By Heather Shirley I December 06, 2019
Ahhh, a vacation in the islands. Doesn’t the idea conjure the most heavenly images in your mind? A glorious place so windswept not a single tree grows there, with weather that is consistently foggy, cloudy, rainy and occasionally sleety, and temperatures that can reach highs of 35 degrees—paradise!
Well, at least for birders it is. It’s St. Paul Island, the largest of the Pribilof Islands that stretch out into the Bering Sea, from the southwest corner of Alaska towards Russia, and I just got back from a trip there.
A four-hour flight from Anchorage, the small island is just 40 square miles, and the only residents are about 450 Aleut people (a Native American tribe).
There are no hotels. I slept in a dormitory of sorts that was constructed specifically for birders; it’s just down the hall from the boarding area of the tiny airport. It was clean, warm and quite comfortable.
There are also no restaurants. I ate in the cafeteria of the one industry on the island—a seafood processing plant—everything was delicious.
This time of year, the sun shines 18 hours a day, which means a lot of time to go birding, albeit in miserable weather.
So why go? For the birds, of course, and the other natural history of the island.
It’s one of the many things I love about birding; in my quest to see as many species of birds as possible, I wind up traveling to some of the remotest on earth. The landscapes and the wildlife are breathtaking in these corners of the world, and the experiences are jaw dropping.
For me, that’s what life is about—amazing experiences with amazing people.
The majority of the world’s northern fur seals have their pups on St. Paul every June. I went in May with my friend Oleg, who often provides photographs for this column. We were too soon for the pups, but instead we got to see the “beachmasters” in full action. These are the male seals, that arrive on the island ahead of the females in order to claim their areas of beach.

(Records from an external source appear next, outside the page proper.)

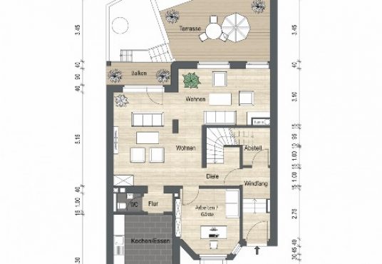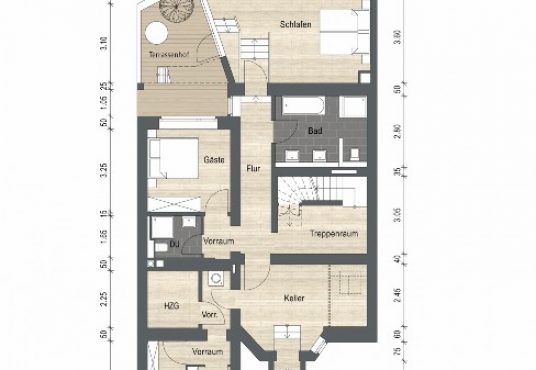 Die Erdgeschoss-Ebene besticht mit einem großzügigen Wohn-Essbereich, der zwar offen gestaltet ist, aber aufgrund von Durchbrüchen und einer Säule eine klare Gliederung der Nutzungsbereiche aufweisen kann. Der eingebaute Kamin verspricht gemütliche Abende am knisternden Feuer. Die beiden Terrassen zum Innenhof begeistern mit
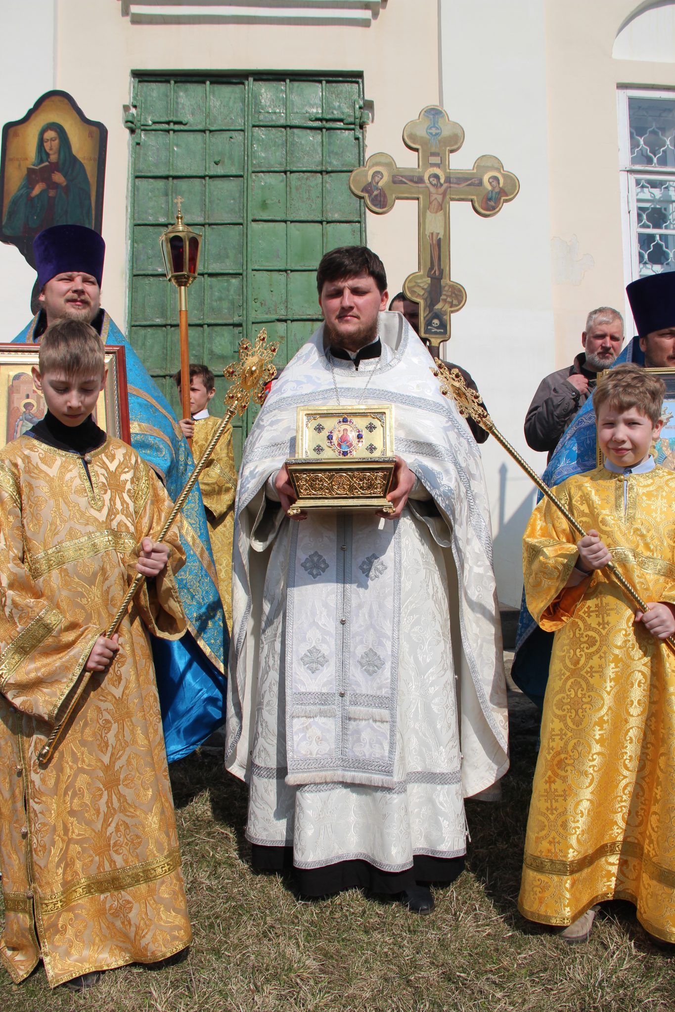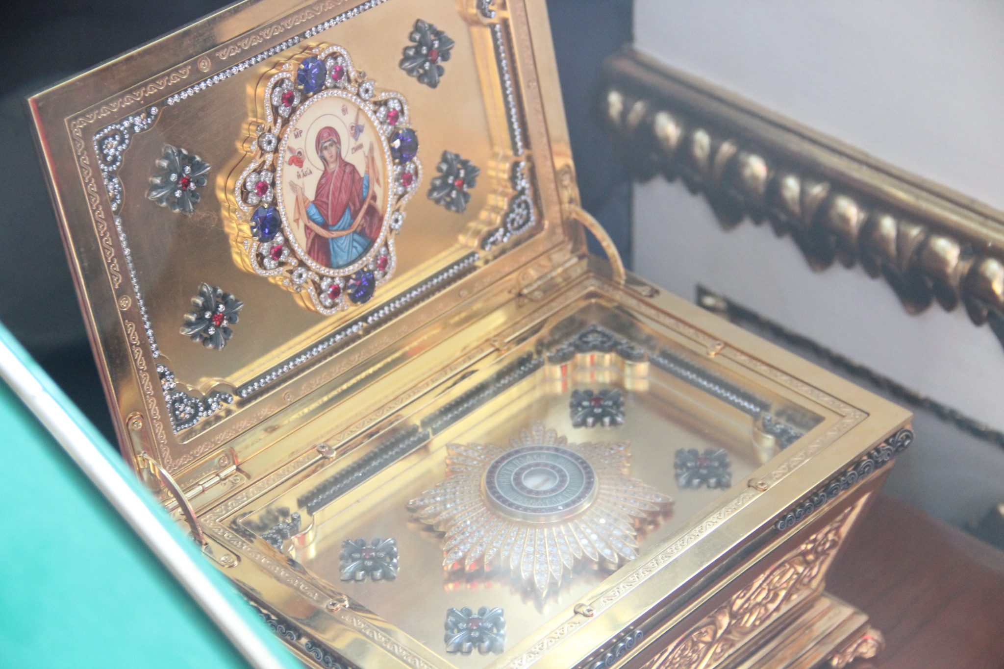 Перед богослужением настоятель храма иерей Сергий Барыкин принес в храм для поклонения ковчег с частицей Пояса Пресвятой Богородицы, хранящийся в Епархиальном управлении.
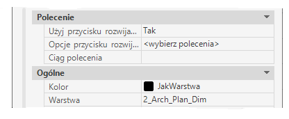 Ciąg polecenia — zawiera makro polecenia uruchamiane po kliknięciu narzędzia. Ta opcja jest dostępna tylko wtedy, gdy wyłączona jest opcja Użyj przycisku rozwijanego.
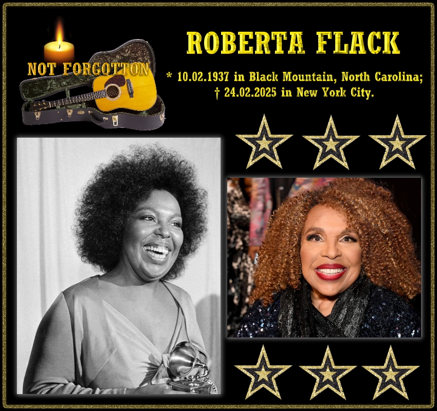 ROBERTA FLACK - NOT FORGOTTON 10.02.1937 IN BLACK MOUNTAIN, NORTH CAROLINA 24.02.2025 IN NEW YORK CITY R.I.P. ROCKINPETE & HARDI Anhänge an diesem Beitrag Dateiname: ROBERTA FLACK NOT FORGOTTON.jpg Dateigröße: 529.37 KB Titel: Heruntergeladen: 1386
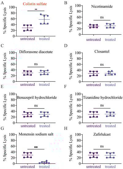 Colistin sulfate salt increases NK92 cytotoxicity against K562-NL. NK92 and K562-NL cells were seeded at an E:T ratio of 1 into 96-well V bottom plates containing either identified drug hits (10 μM) or DMSO for 5-h at 37 °C. Each drug tested had an independent untreated control. After incubation, the supernatant was subjected to a luciferase release assay. (A) Colistin sulfate salt. (B) Nicotinamide. (C) Diflorasone diacetate. (D) Closantel. (E) Benazepril hydrochloride. (F) Tizanidine hydrochloride. (G) Monensin sodium salt. (H) Zafirlukast. Each dot represents a technical replicate, experiments were repeated twice. Two-tailed Mann–Whitney test. ns = not significant, **: p < 0.01.
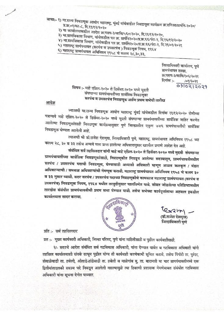 महाबुलेटीन ब्रेकिंग न्यूज : पुणे जिल्ह्यासह खेड तालुक्यातील सरपंच व उपसरपंच निवडणुकीच्या प्रथम सभेच्या तारीख जाहीर : जिल्हाधिकारी डॉ. राजेश देशमुख, पहा आपल्या गावातील निवडीची तारीख…
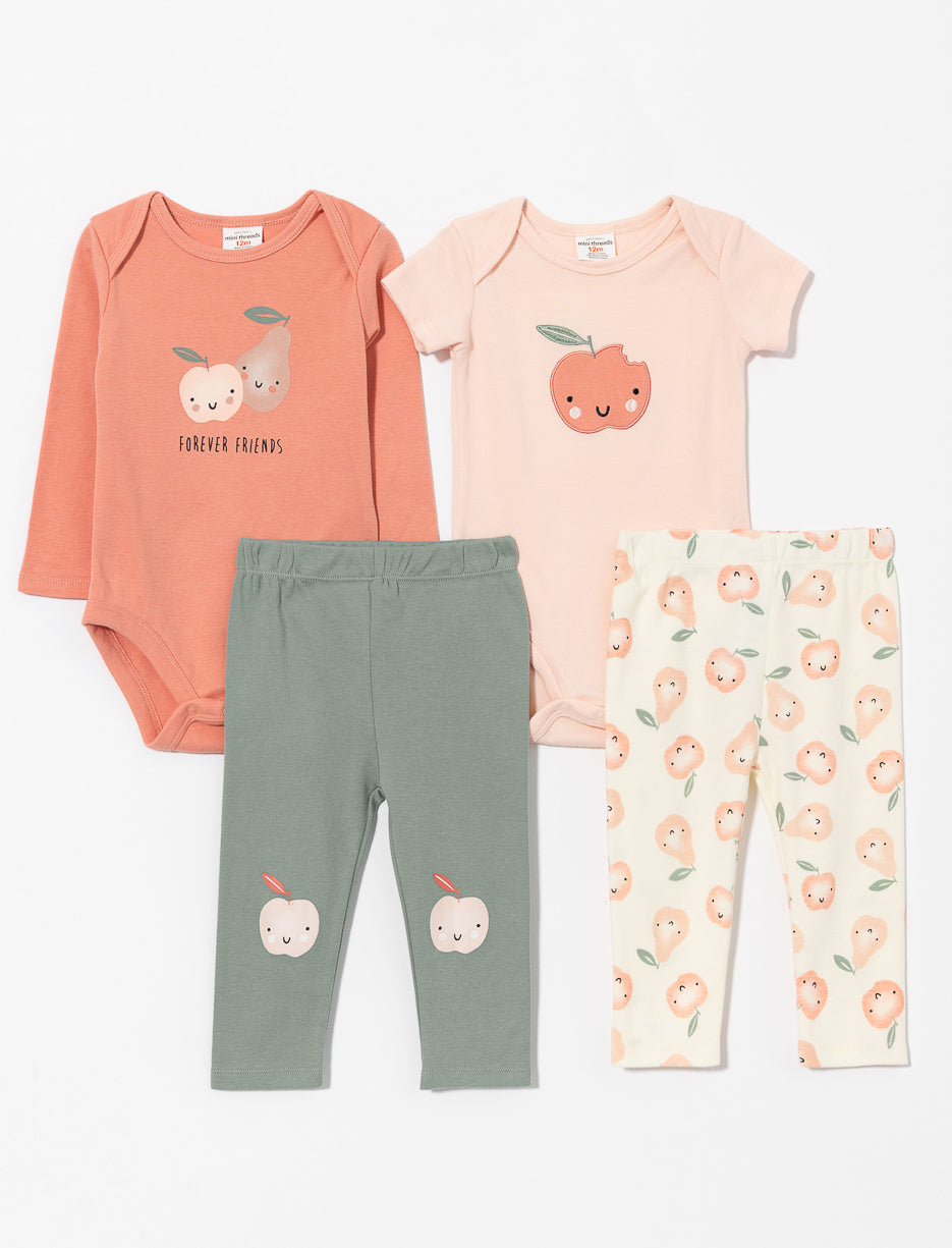 Envelopper bébé de douceur avec cet ensemble 4 pièces tout en confort. Deux cache-couches et deux pantalons ornés de charmants motifs fruités pour des tenues adorables et pratiques, parfaites au quotidien.
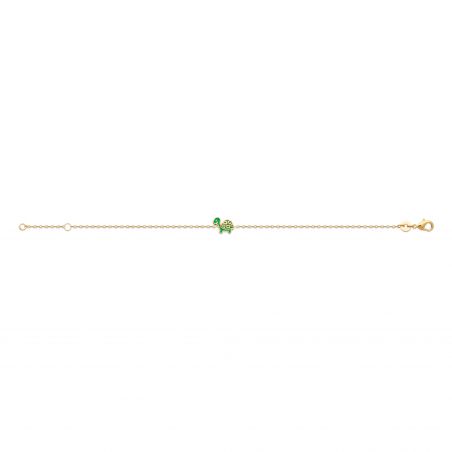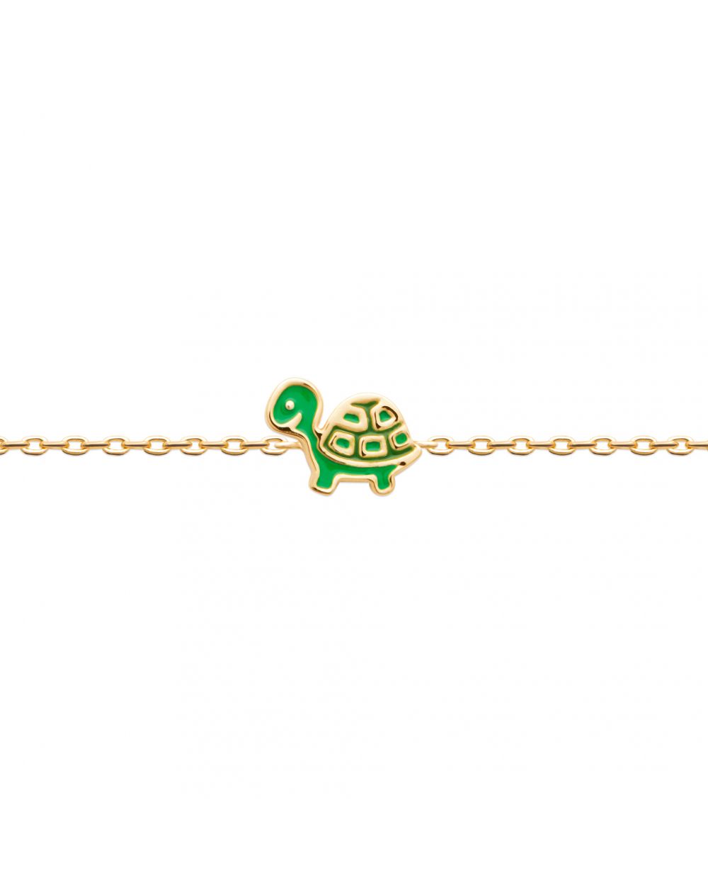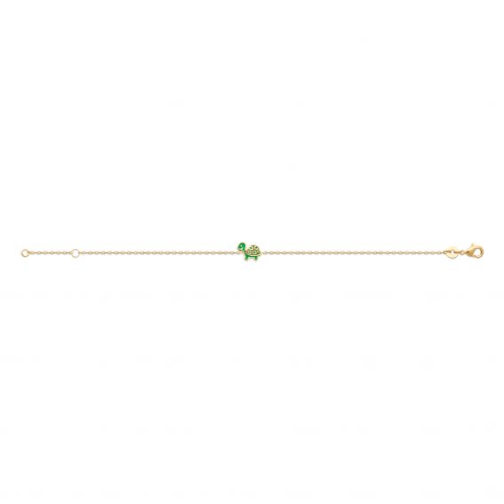 Deze kinderarmband is een 18k vergulde armband met groen geëmailleerde schildpad
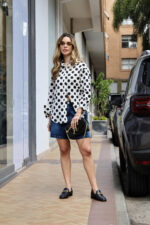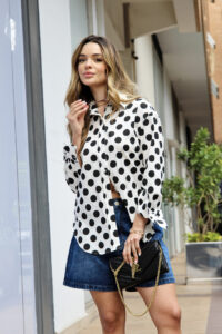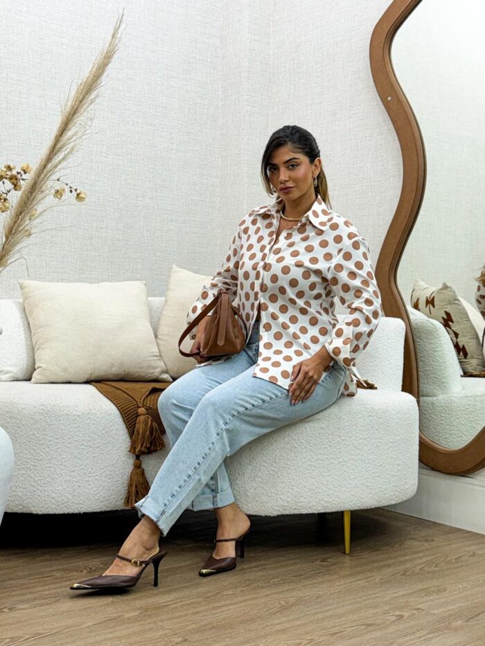 A camisa poá combina sofisticação e modernidade em uma peça leve e confortável. O tecido macio valoriza o caimento, enquanto a estampa clássica de bolinhas realça o visual atemporal. Os botões nas costas trazem um detalhe exclusivo que reforça o charme da modelagem. Versátil e elegante, a peça se adapta a diferentes estilos e transmite confiança e sofisticação em qualquer ocasião.

The 600-pound seals vie for the best places, bellowing, biting and shoving into each other. When not fighting for dominance, they lie about looking like adorable but savage plump Tootsie rolls.Once the females arrive and give birth, the areas are off limits, but since they hadn’t arrived yet, and we were searching for birds, we found ourselves more than once almost stumbling into the beasts. Talk about beating a hasty retreat!
Other island inhabitants we enjoyed seeing were caribou, originally brought over as a domesticated animal and now roaming free, and Arctic foxes. The foxes arrived on their own, via the ancient land bridge that stretched from Russia to Alaska, which was the believed route of human migration from Eurasia to the Americas.
Although 99 percent of Arctic foxes grow a white coat in winter and a dark blackish-brown coat in summer for camouflage, all of the foxes on St. Paul are of the blue morph. A morph occurs in a species when there are two or more possibilities of a trait on a gene. For example Labrador retrievers can be black, yellow or chocolate. I can’t explain why all the St. Paul foxes are blue, but I do know that they’re captivating to watch.
These birds spend most of their lives at sea, foraging particularly at night over deep water. In the spring they nest on cliff faces, laying their eggs, usually one to three of them, on the slimmest outcropping of rock hundreds of feet above the crashing surf.
Nesting nearby among boulders on the beach are other seabirds, such as parakeet and least auklets. These birds are like the penguins of the north. They’re small, black and white, and use their wings mostly to swim, although, unlike penguins, they’re able to fly as well.
Speaking of flying, where will your next flight take you? Will your next vacation take you to obscure places, where you will be awed by the diversity and majesty of the natural world? Well, even if not, the good news is you can find plenty of awe-inspiring places close to home; the trick is just getting out there and exploring.
Go birding. Take an amazing person with you and have an amazing experience. Your life will be richer for it.